ドルフィン・ドッグと呼ばれる犬が働いているのは、南島アカロアの「アカロア・ドルフィンズ」社。アカロアは南島最大の都市クライストチャーチから車で1時間30分ほど。2つの火山が侵食されて形成されたバンクス半島に位置する港町です。「海生哺乳類保護区」に指定されている沿岸の海域一帯にヘクターズ・ドルフィンが生息しており、観光の目玉として観察クルーズが行われています。
犬が働くクルーズ会社
ドルフィン・ウォッチング・クルーズを催行する会社は複数ありますが、「アカロア・ドルフィンズ」社のクルーズがユニークな点は、前述したドルフィン・ドッグがクルーの一員として乗船していることでしょう。10歳のベテラン、ミニチュアシュナウザーのバスターをはじめ、イングリッシュ・スプリンガー・スパニエルのアルビー、ジャック・ラッセル・テリアのバスター2世、2歳の若手クルーであるミニチュアシュナウザーのテオの4頭が現役で働いており、人間と同様にシフトを組んで勤務しています。

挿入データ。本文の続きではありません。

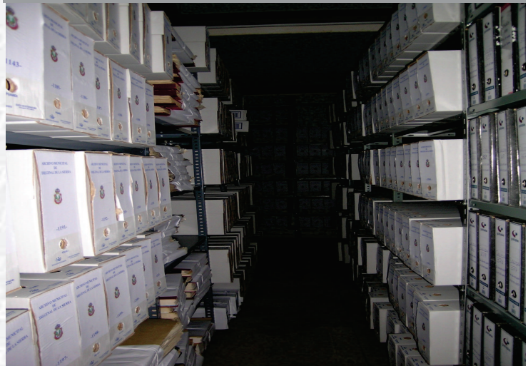
Archivo Municipal de Fregenal de la Sierra, después de la elaboración del Inventario.
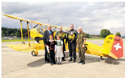
Erste Landung in Emmen und 70-jähriges Jubiläum.

flugplatzes wieder aufgenommen, das EMD lehnte jedoch das Gesuch des Stadtrates Luzern 1948 ab. Bereits 1946 war die Hauptpiste auf 1100 m verlängert worden.
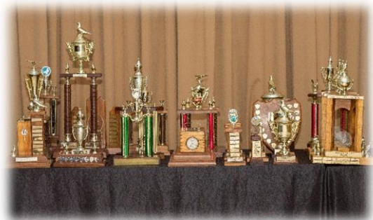
Van die pragtige trofees wat uitgedeel is
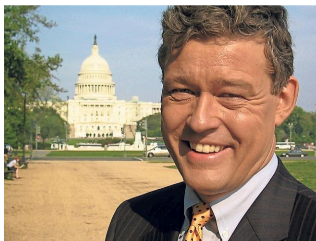
In 2003 bij het Capitool.
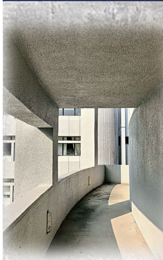
▲中大科學館的走廊。
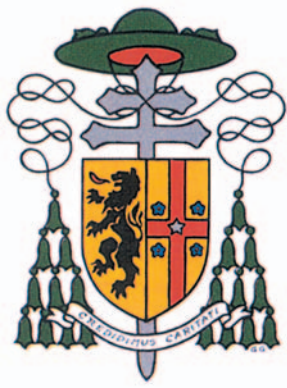
Stemmi di S.E. Mons. Marcel Lefebvre

また、オフィスではリタイアした17歳のオーストラリアン・ケルピーのジェットがゲストを出迎えることもあるそうです。
ドルフィン・ドッグの仕事とは?
ドルフィン・ドッグの主な仕事はクルーズ中にイルカの群れを見つけること。イルカ同士がコミュニケーションの手段として使うクリックやホイッスルなどの音を聞き、人間に教えてくれるのです。
左上から時計回りに、バスター、アビー、ハンディキャップを抱えながらも元気な働き者のバスター2世、引退犬のジェット。

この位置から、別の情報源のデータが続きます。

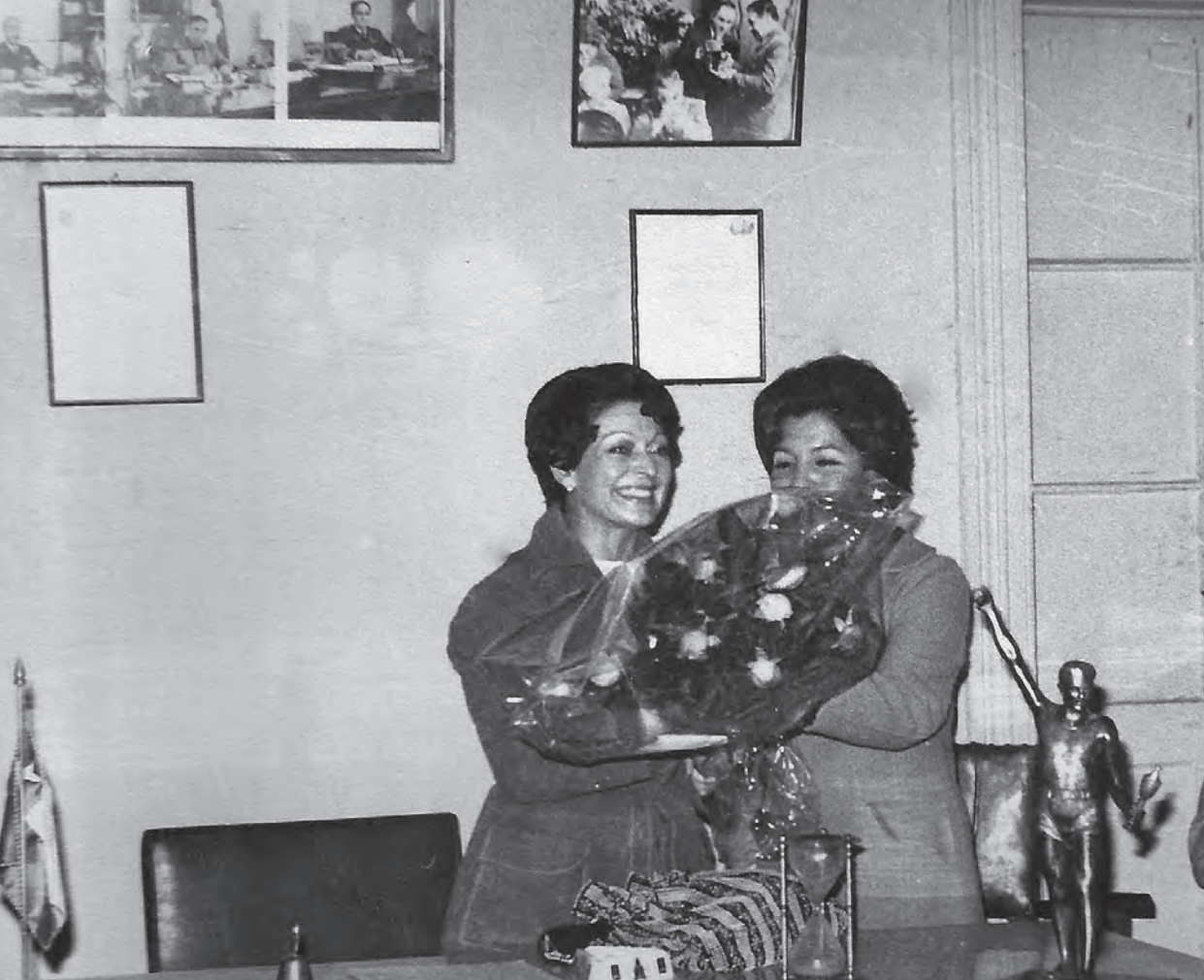
Las mujeres siempre han tenido una labor destacada en la Cámara de Comercio de San Bernardo.

Tanto la gestión realizada por sus primeros dirigentes, como también por la inminente entrada en vigencia de la normativa que obliga a los comerciantes de pertenecer a una asociación gremial para obtener patente y de esa manera poder realizar su actividad, permite que ya a 9 meses de su primera reunión, el número de socios inscritos en la Cámara sea de 937 comerciantes.

「アルビー、バスター2世、テオは3人のスキッパー(船長)それぞれの飼い犬で、バスターの飼い主は友人です。ドルフィン・ドッグになるために特別な訓練を受けたわけではなく、犬が本来持つ力を最大限に発揮して働いています」そう話すのはオーナーの1人であるジュリアさん。同社は約20年前に彼女の両親ヒューさん、ピップさん夫妻が立ち上げたもので、現在は夫妻の子供たち、ジュリアさんとジョージさんが中心となり、人間と犬のスタッフと力を合わせて運営しています。
犬の本能でイルカを探知
現役時代のジェットと初代ドルフィン・ドッグのヘクター。
最初のドルフィン・ドッグは、ヒューさんとピップさんの愛犬、ケアーン・テリアのヘクターだったそう。 彼らはヘクターをセーリングボートに乗せ、すぐにイルカの鳴き声が聞こえていることを発見したとか。ヘクターとイルカがボートの上と下で追いかけっこをして遊んでいることもあったといいます。「犬たちは教えなくてもイルカのサインを聞き分けることができます。難しかったのはイルカを見つけても吠えないようにすること。吠えるとイルカがびっくりしてしまいますから」
それぞれ気質や個性が異なる犬に合えることもこの船に乗る楽しみのひとつ。例えば4歳のアルビーは生後6カ月から船に乗っている頼もしいクルーですが、おっとりしたのんびりやさんで、船縁に腹ばいで寝転がり、頭を船先に出してイルカを眺めるのが好きだそうです。現在、ヘクターズ・ドルフィンの生息数はわずか7000頭と推測され、絶滅が危惧されています。同社は環境に配慮してクルーズを運航し、保護活動にも熱心に取り組んでいます。希少なイルカと賢い犬たちに合える「アカロア・ドルフィンズ」社のクルーズは通年催行されているので、機会があればぜひ体験してみてください。